Based on an idea by the actor Brad Garrett and developed by the TV veterans David E. Kelley and Dean Lorey, “Big Shot” is a fish-out-of-water story with endlessly renewable conflict between a bullheaded coach, a school that cares more about academics than athletics and the helicopter parents pulling the strings. There’s a delicate balance on the show between how temperamental Marvyn is allowed to be without alienating his players — and, by extension, the audience. He can’t be an irredeemable jerk, but he can’t shelve his win-at-all-costs mentality, either. didn’t want him to flip and become a teddy bear by Episode 2,” Lorey said on a video conference with Stamos earlier this month. “And so it was inspiring to see him, very often, pushing back against the petting-the-dog scene and just let this guy be this guy for a bit.”

For his part, Stamos took Marvyn’s prickliness to Method extremes.

“I purposely didn’t hang out with the girls in the beginning,” he said. “I didn’t want to have any cutesy [expletive] with them. At the end of the day, I came home and told my wife, ‘I hate it. I don’t even know the girls’s names.’” Though “Big Shot” seems loath to allow Marvyn’s mistakes to linger much longer than an episode, the series isn’t about the softening of Marvyn Korn, which would not only drain the tension but put him constantly in the wrong. He isn’t always the blowhard in need of comeuppance or a good talking-to. He also empowers his team to play with unity and confidence and to be their best possible selves, which figures into their conflicts off the court, too.
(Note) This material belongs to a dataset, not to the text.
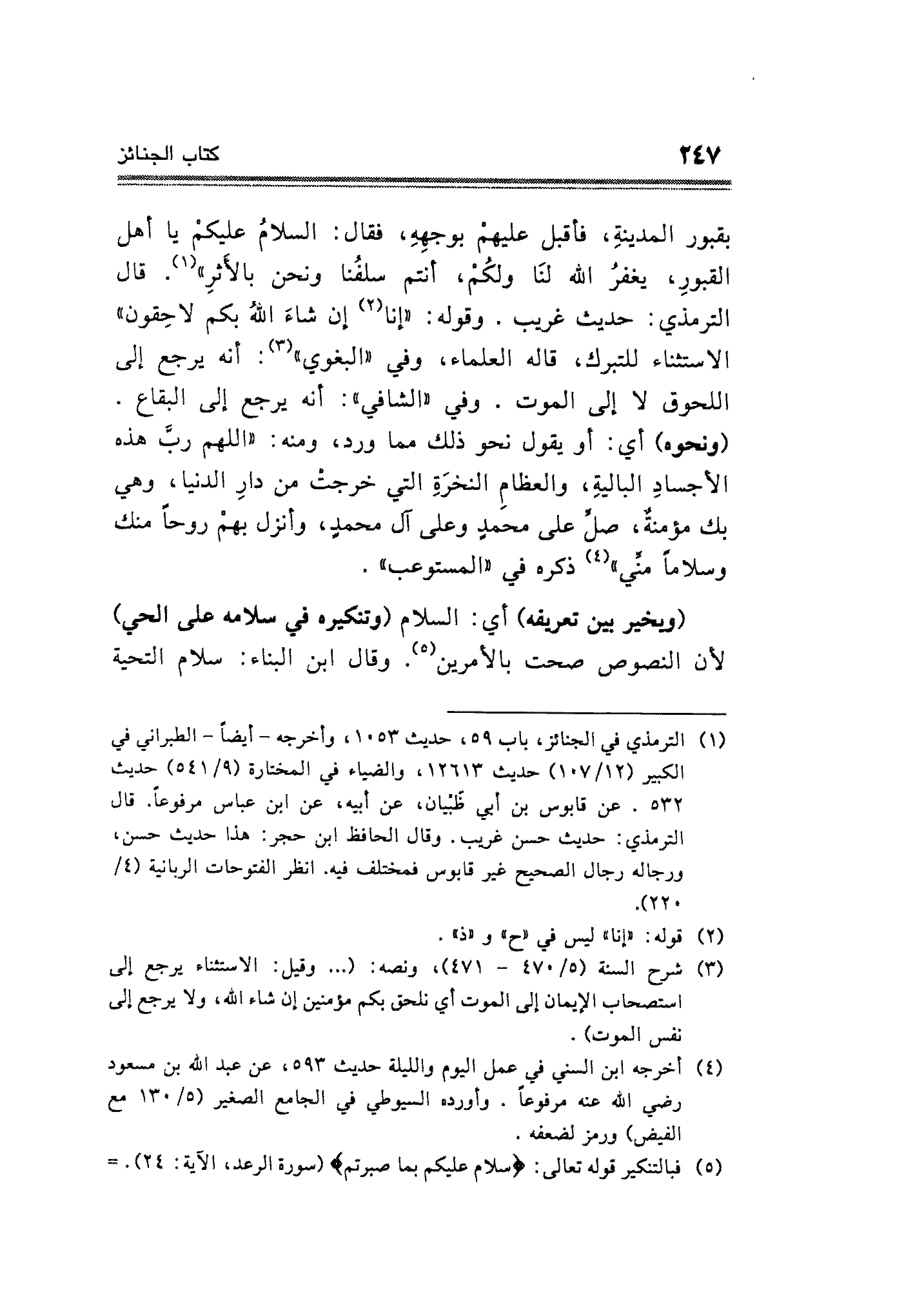 بقبور المدينةِ، فأقبل عليهمْ بوجههِ، فقال: السلام عليكم يا أهل القبورِ، يغفرُ الله لنَا ولكُم، أنتم سلفُنا ونحن بالأَثرِ" (¬١). قال الترمذي: حديث غريب. وقوله: "إنا (¬٢) إن شاءَ اللهُ بكم لاحِقون" الاستثناء للتبرك، قاله العلماء، وفي "البغوي" (¬٣): أنَّه يرجع إلى اللحوق لا إلى الموت. وفي "الشافي": أنَّه يرجع إلى البقاع. (ونحوه) أي: أو يقول نحو ذلك مما ورد، ومنه: "اللهم ربَّ هذه الأجسادِ الباليةِ، والعظامِ النخرَةِ التي خرجتْ من دارِ الدنيا، وهي بك مؤمنةٌ، صلِّ على محمدٍ وعلى آل محمدٍ، وأنزل بهمْ روحًا منك وسلامًا منِّى" (¬٤) ذكره في "المستوعب".

Formula dictates that the teams in “Game Changers” and “Big Shot” eventually stop losing and have their Big Game confrontations, but what unifies these shows is a surprising thoughtfulness about what sports are for, and the difficulty of drawing a line between healthy competition and a misplaced obsession with winning. There was no analog to Alex in “The Mighty Ducks” movies — adding Graham’s character to the formula “violates the reboot laws,” she joked. Alex is a rare voice for the sports parent who believes that sports have their limits.

“My cousin’s husband was the coach of a girl’s basketball team that lost for, like, four years in a row,” Graham said. “They lost like every single game. And I was like, ‘That’s a show I would watch.’ Like they just kept losing.

“And then, I don’t know, I guess; where does it go? This is why I don’t run networks.”